Поиски "объективной" истины, снятие всего чисто субъективного
-22-
и сиюминутного (феноменологическая направленность, делающая поправки на индивидуальность) часто противопоставляют признанию сверхценности индивида в тексте, когда (как в герменевтике) ищут не столько общее, сколько именно сиюминутное и индивидуальное (чтобы потом, возможно, на основании познанного таким образом прийти к значимым обобщениям). Так, по К.Вельке [K.Welke 1986, c.14], в центре гумбольдтовской общефилософской концепции лежит проблема проявления человеческой индивидуальности как главной цели человечества: "Специфика этой концепции состоит в том, что она направлена не на отдельного индивида как абстрактное, как прототип некоего рода, а на конкретных индивидов (...) Проявление индивидуальности для Гумбольдта представляется как развитие личностности" [K.Welke 1986, c.14]. Причем и социальность индивидов для Гумбольдта признается также вне каких-либо колебаний: он выводит ее из общения людей [K.Welke 1986, c.20].

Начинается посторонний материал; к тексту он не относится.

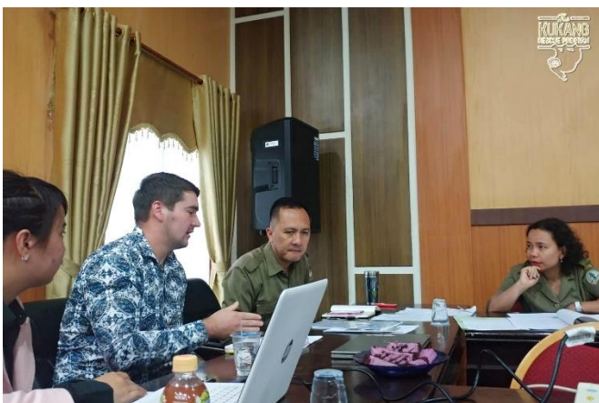
Talks on protection cooperation with government agency
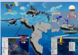
Regional Domain Awareness
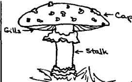
'Fly Agaric' - Amanita muscaria Poisonous Cap: red with white warts Gills + stalk: white
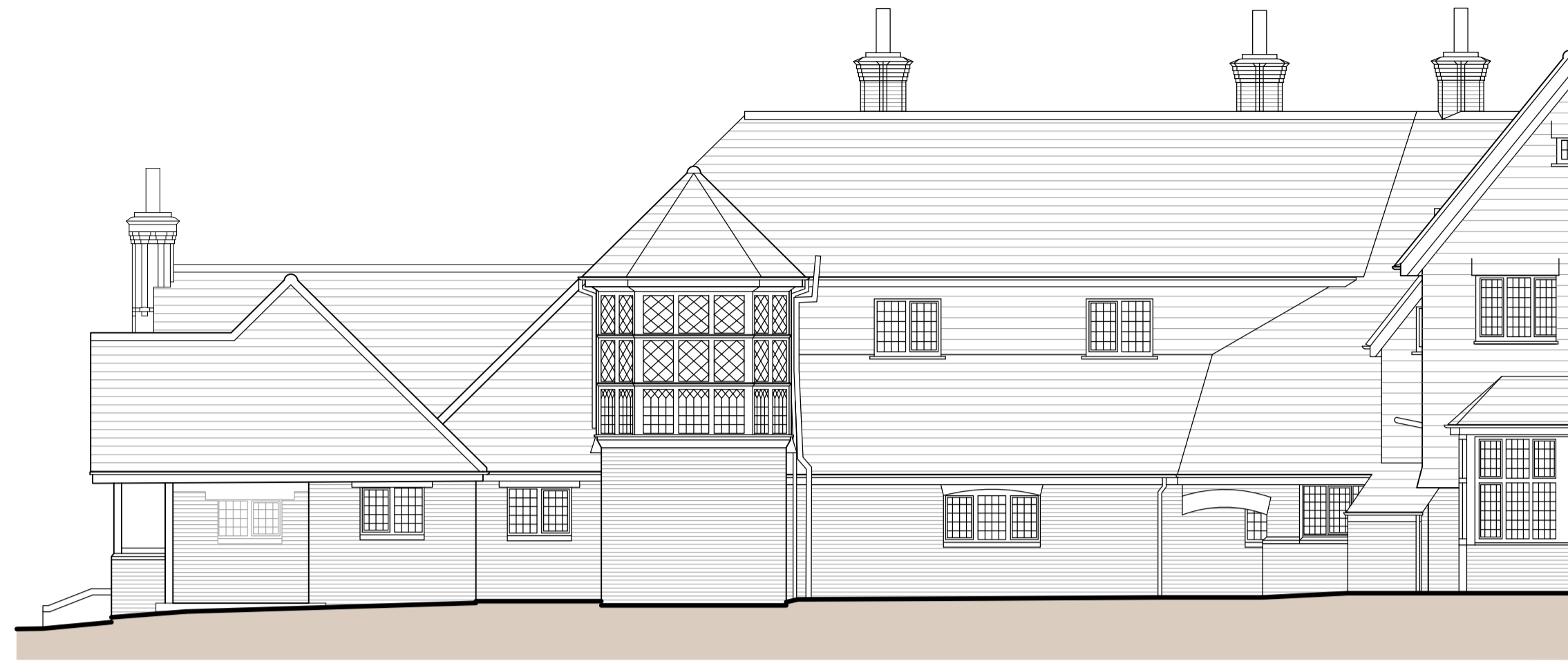
FRONT NORTH ELEVATION
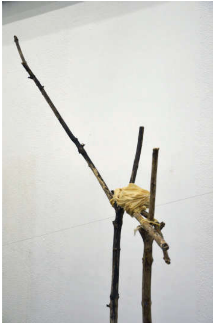
Photograph 8: /'(h)weTH, installation, sculpture (detail).
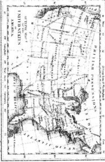
General Scale 1:1,000,000
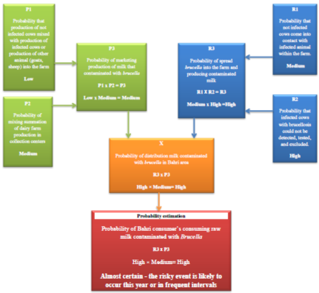
Figure (4): Overall Estimation of Risk *R = probability of release pathway. *P = probability of exposure pathway.

Although overall estimation of risk associated with brucellosis was found to be high, but results of survey among consumers shown that (91.7%) from consumers heated milk after purchased, (93.7%) heated milk to the degree of boiling, (75%) refrigerated milk after it was heated, and (83.3%) from consumers didn't have habit of drinking milk without heating. These treatments could decrease the risk raised from brucella to "LOW" at the point of consumption.
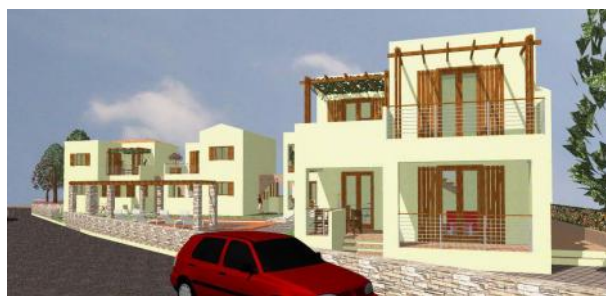
Architect's 3D impression
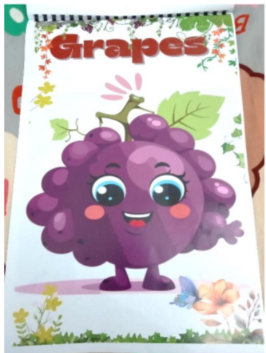
Figure 6. The Visuals on Page 6 "GRAPES"
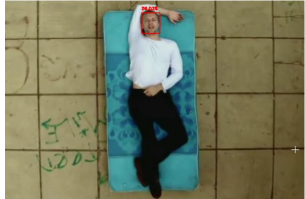
Figure 9. Result showing face detection in video using our proposed model [88].
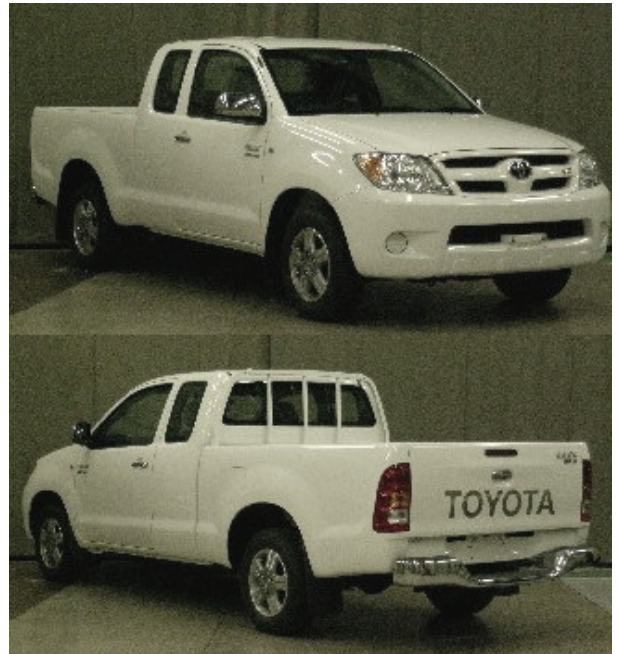
Toyota Hilux Extra Cab
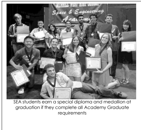
SEA students earn a special diploma and medallion at graduation if they complete all Academy Graduate requirements

Community - SEA students are part of a small learning community. They are with students and teachers who share their interests, giving them a supportive and personalized high school experience. SEA students are also part of West High, so they can participate in all West High sports, clubs, and other activities.
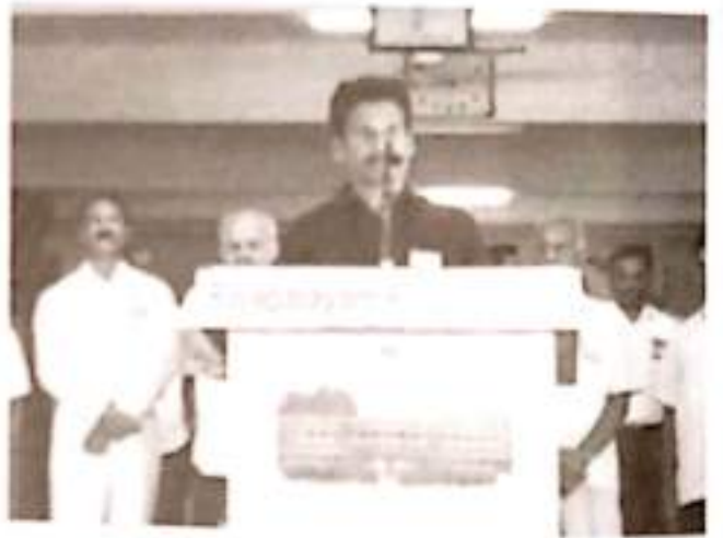
Independence Day Address
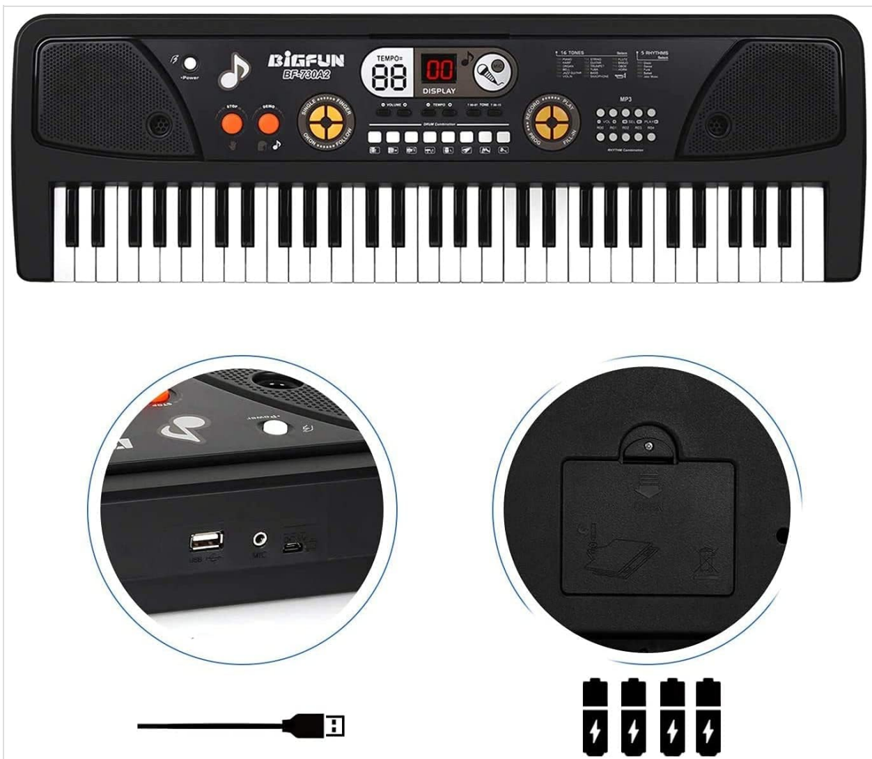
Image 5.1: The keyboard's power input port and battery compartment for 4 AA batteries.

Как пытался показать П.Рикёр [P.Ricoeur 1987, c.55], в осознании проблемы индивидуальности можно выделить три этапа. На первом, собственно эпистемологическом, имеем дело с проблемой произвольного индивида в его отношению к видовому индивиду в логическом смысле слова – то, что Рикёр называет индивидуализацией. Переход от этого этапа ко второму заключался в отделении человеческого индивида от индивида вообще, в опоре на "пропозициональные префиксы" типа "я говорю, что", "я утверждаю, что", содержащие слово "Я". На втором этапе уже пытаются от таких префиксов перейти к уяснению, что же такое "говорить "Я". Это – идентификация: мы стремимся понять, как, произнося "Я", человек идентифицирует себя. Переход от этого второго этапа к третьему заключается в рассмотрении процессов идентификации по ходу повествования. На третьем же этапе приходят к этическим выводам относительно актов речи. Сказать нечто – значит быть ответственным за свои слова. "Дурные слова" приравниваются дурным делам. Именно на этом этапе, по Рикёру, мы приходим к понятию "сам". Поэтому этап этот можно назвать "начислением вины" (imputation). Осознание "другого"
-23-
развивается вместе с развитием самосознания [P.Ricoeur 1987, c.56]. Все это – стадии, взятые как бы вне реальной истории.

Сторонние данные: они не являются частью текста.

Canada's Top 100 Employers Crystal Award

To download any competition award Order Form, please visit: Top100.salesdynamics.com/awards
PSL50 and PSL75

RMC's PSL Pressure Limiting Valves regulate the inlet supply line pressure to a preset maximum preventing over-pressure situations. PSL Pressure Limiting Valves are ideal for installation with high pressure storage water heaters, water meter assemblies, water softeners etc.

Й.Шлегер [J.Schlaeger 1988] выделяет тоже три фазы и три переходных пункта в осознании индивидуальности, но в другом измерении.
Фаза 1: развитие "гражданского" (буржуазного) понимания индивидуальности в контексте буржуазной эмансипации личности. Тогда индивидуальность осознается как то, что возникает или может в принципе возникнуть в результате рационалистического и теологического осознания самоидентичности. Переходный пункт 1 (в конце восемнадцатого века): такой путь самоосознания становится все более сомнительным. Индивидуальность отделяется от метафизических горизонтов и находит себя в рефлексии, в себе самой, в своих чувствах. Вершиной рефлекторного углубления самопонимания стала субъективность романтической иронии.
Фаза 2: стремление построить системы "содержательности внутреннего мира индивида" [J.Schlaeger 1988, c.470], что проявилось в соответствующих идеологиях, в философии истории, в появлении современных социологии и психологии, в которых индивид предстает как гармоничное целое. Одновременно растет осознание противоречивости и неполноты таких тотализирующих попыток. Индивидуальность все больше предстает как некая возможность, реализуемая только в противовес такой тотализации. Переходный пункт 2: на границе девятнадцатого и двадцатого веков возникает убежденность, что такая возможность "содержательности внутреннего мира" вряд ли реализуема. В центре внимания теперь – "трансцендентальная неприкаянность", незащищенность (в противоположность отгороженности от внешнего мира, когда господствовала предыдущая "парадигма" представлений об индивидуальности), одиночество индивидуальности во внешнем мире.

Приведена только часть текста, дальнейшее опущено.